The union warns that as student numbers have increased, universities must continue to invest in staff to maintain the quality of the student learning experience.

The paper highlights the varying proportions of time which are actually spent on teaching by teaching-and-research academics. The lowest average proportion of academic staff time spent on teaching was 23.7% at the research-intensive Russell Group universities (all of which have medical schools) excluding the London School of Economics, plus specialist medical schools. The highest was 58.4%, at teaching-focused institutions with a turnover of between £40m and £119m that traditionally undertake less research than the Russell Group institutions.

For the proportion of academic time spent on research, the opposite was true. Academics at teaching-focused universities in the £40-119m turnover group spent the smallest proportion of their time (7.9%) on research. This means that universities that come out best in the calculation of the SSR have academics spending a low proportion of their time directly on teaching. On the other hand, universities that do worst in the SSR calculation tend to have academics spending a large proportion of their time directly on teaching.

The paper warns that universities with low SSRs and academic staff with a low proportion of direct teaching activity need to make a greater investment in their teaching staffs to ensure that their SSR genuinely reflects the level of access to teachers. From the perspective of academic staff, the great increase in student numbers and the use of larger teaching groups has been a considerable source of occupational stress in higher education.

UCU general secretary, Sally Hunt, said: 'Student:staff ratios are used in league tables and other publications as an influential measure of how much access students think they will have to academic staff. SSRs potentially affect the decisions of thousands of students choosing courses costing up to £9,000 a year, as well as influencing the decisions of governments and accrediting bodies. Reduced SSRs have been used by universities as evidence of recent investment in the student experience. SSRs as they are currently calculated should come with a health warning.

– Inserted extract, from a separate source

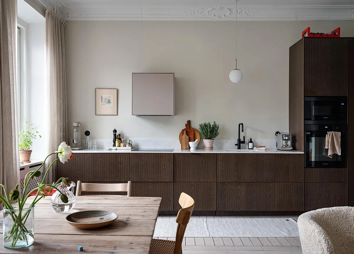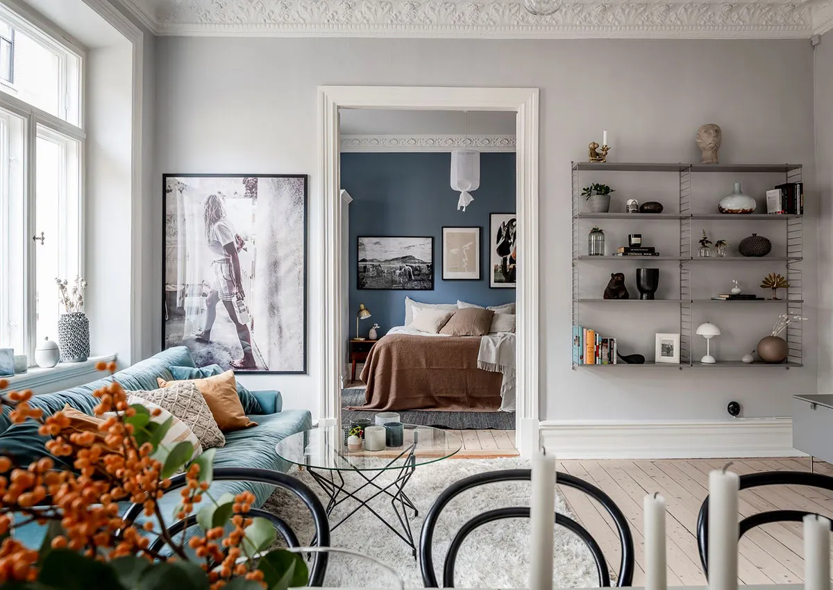 Лепнина, цветной потолок и стильный декор: квартира в Стокгольме (90 кв. м)

'A low student:staff ratio gives the impression of high teacher availability at institutions where many academics may in fact be unavailable because of their extensive commitment to research activities. We strongly support the research role of UK academics, but we need a far more accurate way to measure teaching time in our universities. We must ensure staff are getting the support they need to cope with the recent increase in student numbers, as well as cuts to university funding.'

The paper - An analysis of student:staff ratios, the academics' use of time, and potential links with student satisfaction - considers a wealth of evidence relating to SSRs, measures how academics actually spend their time and asks if there is a correlation between the amount of teaching time and student satisfaction.